Orgasms Belong in the Bedroom...

...Not the Science Lab

By Hope Morley

I’m about to embarrass myself and my family (sorry guys). Recently, I ate dinner with my parents and my 18-year-old brother. With the help of some chardonnay, I brought up the new scientific research about the female G-spot. I wondered aloud to my mom why it seems men are always the ones to study female sexuality.

“Because we’re the ones who need to know about it!” my father interjected.

This disturbing comment brought me to my senses, so I dropped the topic. But my father’s inappropriate outburst made me think about why the G-spot warranted a scientific study at all.

My family doesn’t normally discuss the G-spot at the dinner table, but a study published last month in the Journal of Sexual Medicine really set me off. Researchers at King’s College in London asked sets of female twins ages 23 to 83 to fill out questionnaires about everything from arthritis to sexual practices.

The study functioned on the assumption that twins are genetically identical, so if there is a genetic correlation, all sets of twins should report the same physical characteristics. In the study, 56 percent of women reported having a “so-called G-spot, a small area the size of a 20p coin on the front wall of your vagina that is sensitive to deep pressure.”

Cheers, the G-spot exists. Wrong, say researchers, because both twins did not always report having one. I don’t have a mind for science, but it seems to me that if 1,010 women think they have a G-spot, it’s probably true.

More importantly, there is no need to study the G-spot when anyone who has taken Human Sexuality knows that the clitoris — that pleasure-pack just above the opening of the vagina — is the only organ on the human body with the sole purpose of sexual enjoyment.

“But if we can find the G-spot,” male scientists figured, “then we can prove that women orgasm from intercourse and I never have to bother with foreplay again!” And yet, their failure to find Venus’ Holy Grail using a survey creates just one more justification for lazy men to hit it and run, because she ain’t feeling it anyway. Movies and pornography perpetuate the myth that women can achieve orgasm in less than two minutes with no foreplay. While some women orgasm from sexual intercourse alone, most require clitoral stimulation as well. Indeed, this was a no-win study for over half the humans on the planet.

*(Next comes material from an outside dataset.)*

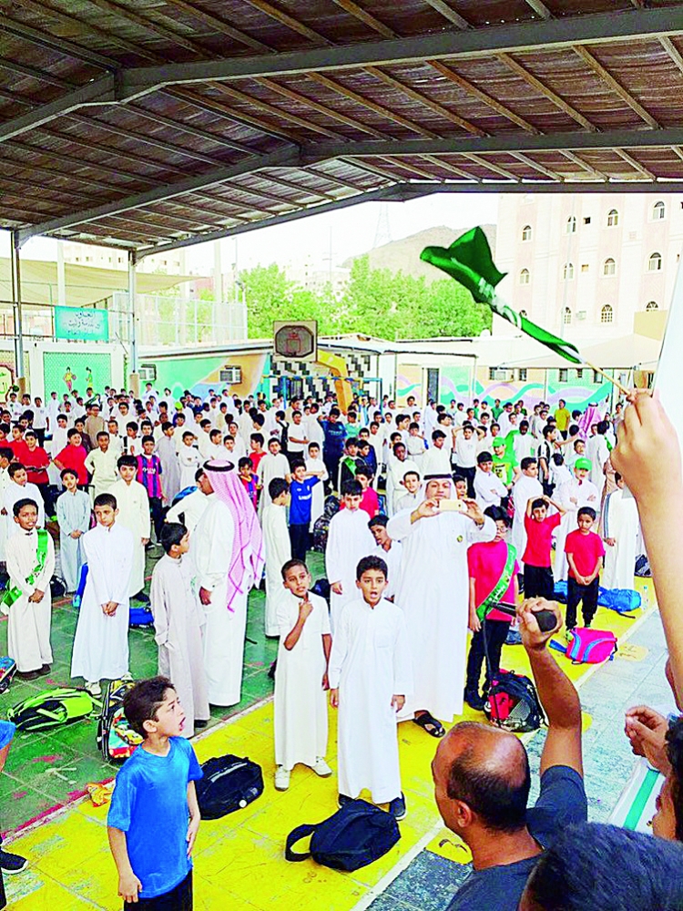 طلاب المدرسة خلال الاحتفالية. (عكاظ)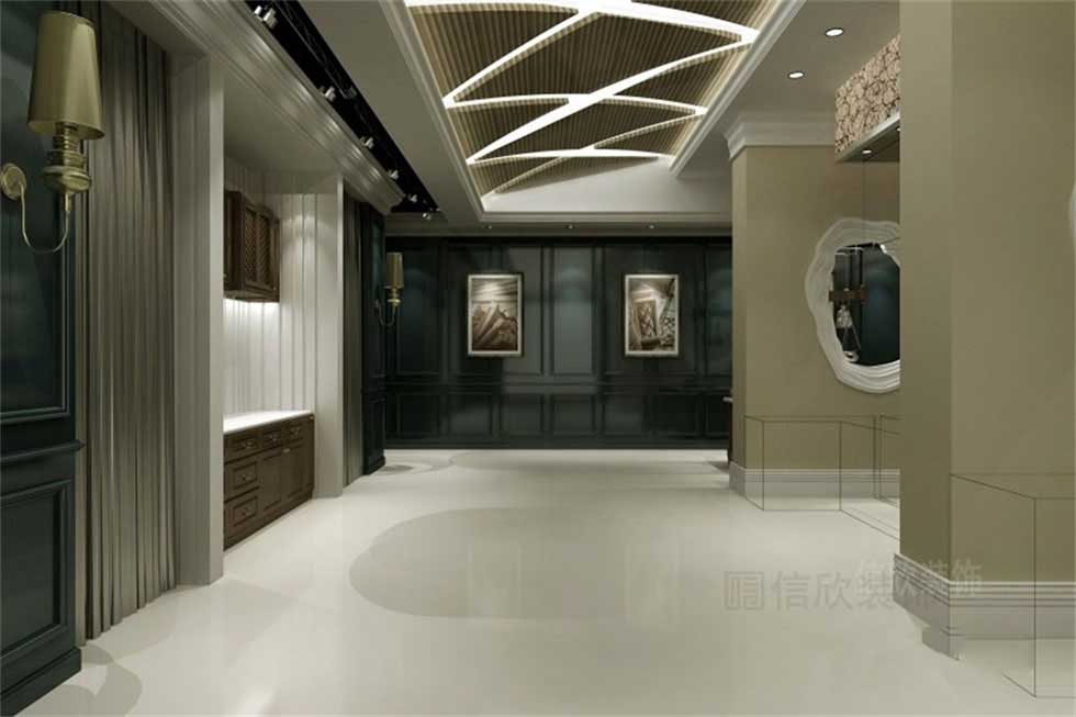 頂面通過斜坡式的周邊頂方式,和其他區(qū)域做了一個(gè)區(qū)分,使走廊看上去設(shè)計(jì)更獨(dú)特和精美,格柵木藝頂面,在燈條的分隔下,菱形的造型感,時(shí)尚而美觀大方。

I’m not shocked by the implications of this “research.” It is hardly newsworthy that when it comes to sex, different people like different things. Some women like having a spot on the front wall of their vagina stimulated, others do not. No million dollar scientific grant needed for that discovery.

Science is wonderful when it comes to cures for diseases or wrinkles, but when it comes to my sexuality, hold off. Learn by experience, boys—not manuals. All vaginas are not the same. In the meantime, use twin vaginas to study something worthwhile (like the genetics of cervical cancer) and keep playing with the clit. She probably likes it.